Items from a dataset

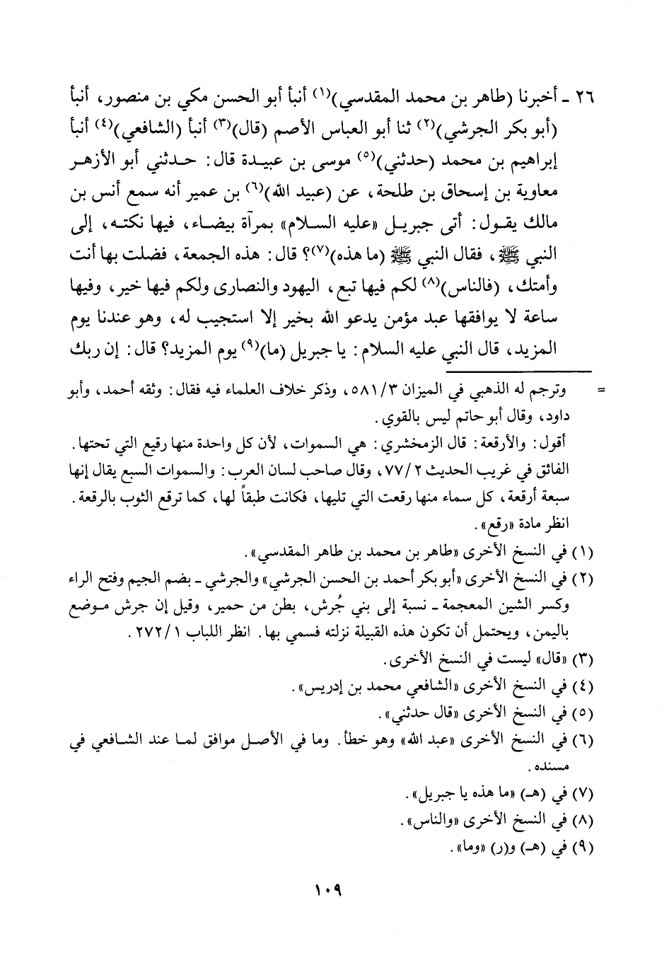 26- أَخْبَرَنَا (طَاهِرُ بْنُ مُحَمَّدٍ الْمَقْدِسِيُّ) (¬1) أَنْبَأَ أَبُو الْحَسَنِ مَكِّيُّ بْنُ مَنْصُورٍ، أَنْبَأَ (أَبُو بَكْرٍ الْجَرْشِيُّ) (¬2) ثَنَا أَبُو الْعَبَّاسِ الأَصَمُّ (قَالَ) (¬3) أَنْبَأَ (الشَّافِعِيُّ) (¬4) أَنْبَأَ إِبْرَاهِيمُ بْنُ مُحَمَّدٍ (حَدَّثَنِي) (¬5) مُوسَى بْنُ عُبَيْدَةَ قَالَ: حَدَّثَنِي أَبُو الأَزْهَرِ مُعَاوِيَةُ بْنُ إِسْحَاقَ بْنِ طَلْحَةَ، عَنْ (عُبَيْدِ اللَّهِ) (¬6) بْنِ عُمَيْرٍ أَنَّهُ سَمِعَ أَنَسَ بْنَ مَالِكٍ يَقُولُ: أَتَى جِبْرِيلُ "عَلَيْهِ السَّلَامُ" بِمِرْآةٍ بَيْضَاءَ، فِيهَا نُكْتَةٌ، إِلَى النَّبِيِّ صَلَّى اللَّهُ عَلَيْهِ وَسَلَّمَ، فَقَالَ النَّبِيُّ صَلَّى اللَّهُ عَلَيْهِ وَسَلَّمَ (مَا هَذِهِ) ؟ (¬7) قَالَ هَذِهِ الْجُمُعَةُ، فُضِّلْتَ بِهَا أَنْتَ وَأُمَّتُكَ، (فَالنَّاسُ) (¬8) لُكُمْ فِيهَا تَبَعٌ، الْيَهُودُ وَالنَّصَارَى وَلَكُمْ فِيهَا خَيْرٌ، وَفِيهَا سَاعَةٌ لَا يُوَافِقُهَا عَبْدٌ مُؤْمِنٌ يَدْعُو اللَّهَ بِخَيْرٍ إِلَّا اسْتُجِيبَ لَهُ، وَهُوَ عِنْدَنَا يَوْمُ الْمَزِيدِ، قَالَ النَّبِيُّ صَلَّى اللَّهُ عَلَيْهِ وَسَلَّمَ: يَا جِبْرِيلُ (مَا) (¬9) يَوْمُ الْمَزِيدِ؟ قَالَ: إِنَّ رَبَّكَ
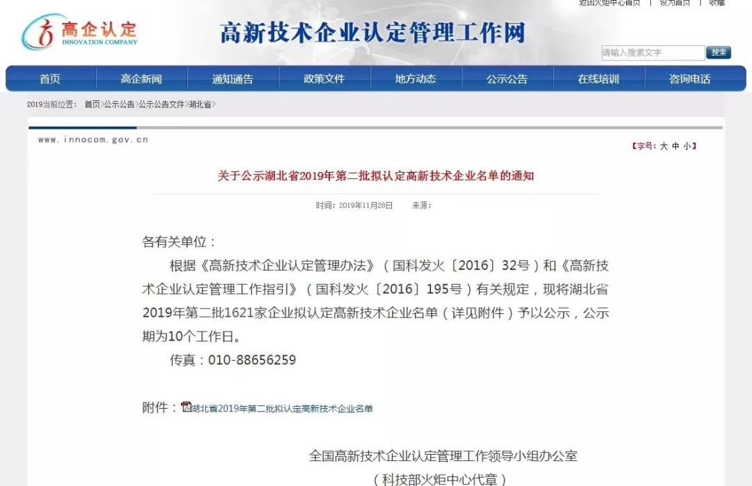 2019年11月28日,湖北省2019第二批高新技術(shù)企業(yè)名單予以公示,谷豐光電被認(rèn)定為湖北省第二批高新技術(shù)企業(yè)。
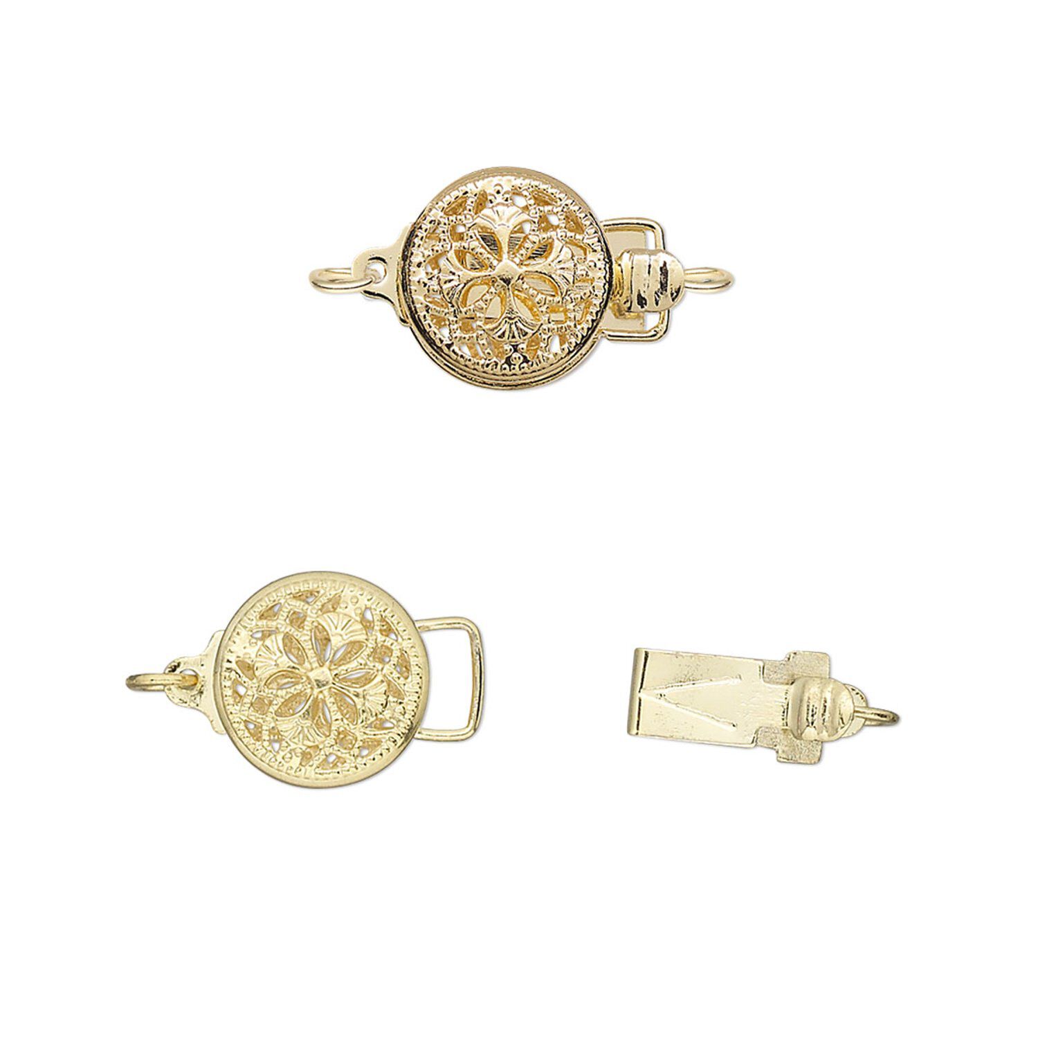 Elegant styles in classic gold-plated round tab clasp. Consistent, quality plating with intricate detail. Lightweight, they're a design staple.
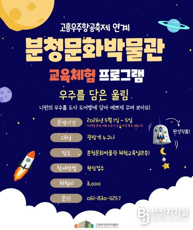 브릿지저널 김경미 기자 | 고흥군 분청문화박물관은 제16회 고흥우주항공축제와 연계해 관람객과 지역민을 대상으로 특별 교육체험 프로그램 ‘우주를 담은 울림’을 오는 5월 1일부터 5일까지 한시적으로 운영한다고 밝혔다.
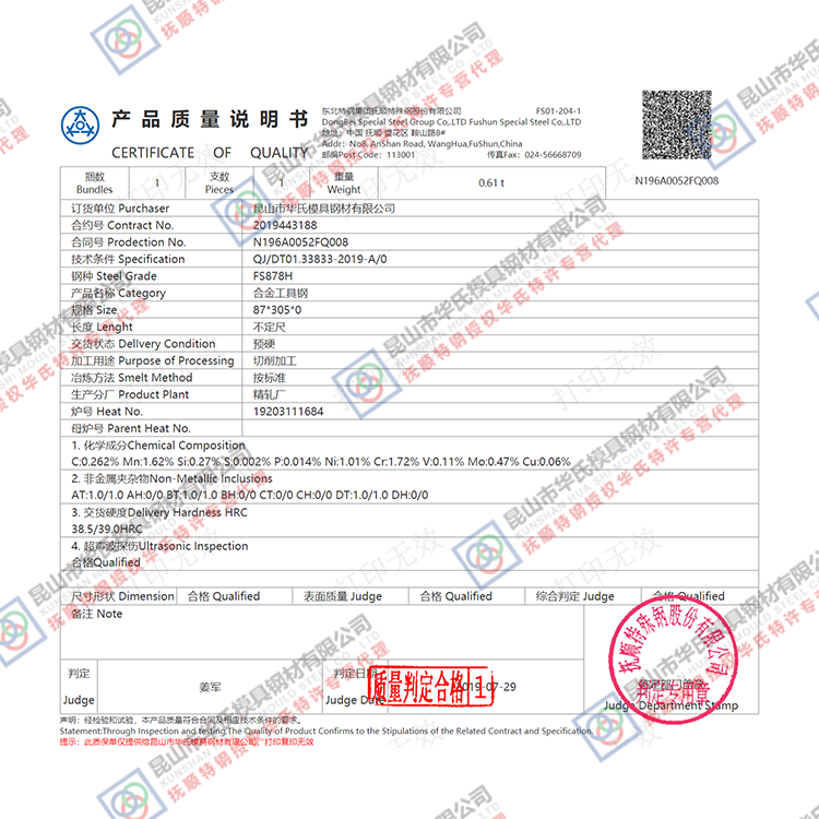我司是华东地区唯一一家专营抚顺特钢产品的模具钢材公司,近期发现在百度及阿里巴巴平台上打着某某地区销售分公司和代理商等旗号,误导广大客户,由于我司是专营抚顺特钢,无代理销售其他钢厂产品,避免出现某些经销商以低于出厂价销售,却是以次充好,挂羊头卖狗肉的情况发生。我司可以开规格料和精板加工,更好的服务广大客户,减少客户的备货资金压力。用多少买多少才是最好的。欢迎前来咨询及洽谈!

*Your objective*.
Look above for the line with "Elegant styles in" and the line with "브릿지저널 김경미 기자", then restate exactly those two lines and all lines between them, with no pictures.

*Answer section*.
 Elegant styles in classic gold-plated round tab clasp. Consistent, quality plating with intricate detail. Lightweight, they're a design staple.
 브릿지저널 김경미 기자 | 고흥군 분청문화박물관은 제16회 고흥우주항공축제와 연계해 관람객과 지역민을 대상으로 특별 교육체험 프로그램 ‘우주를 담은 울림’을 오는 5월 1일부터 5일까지 한시적으로 운영한다고 밝혔다.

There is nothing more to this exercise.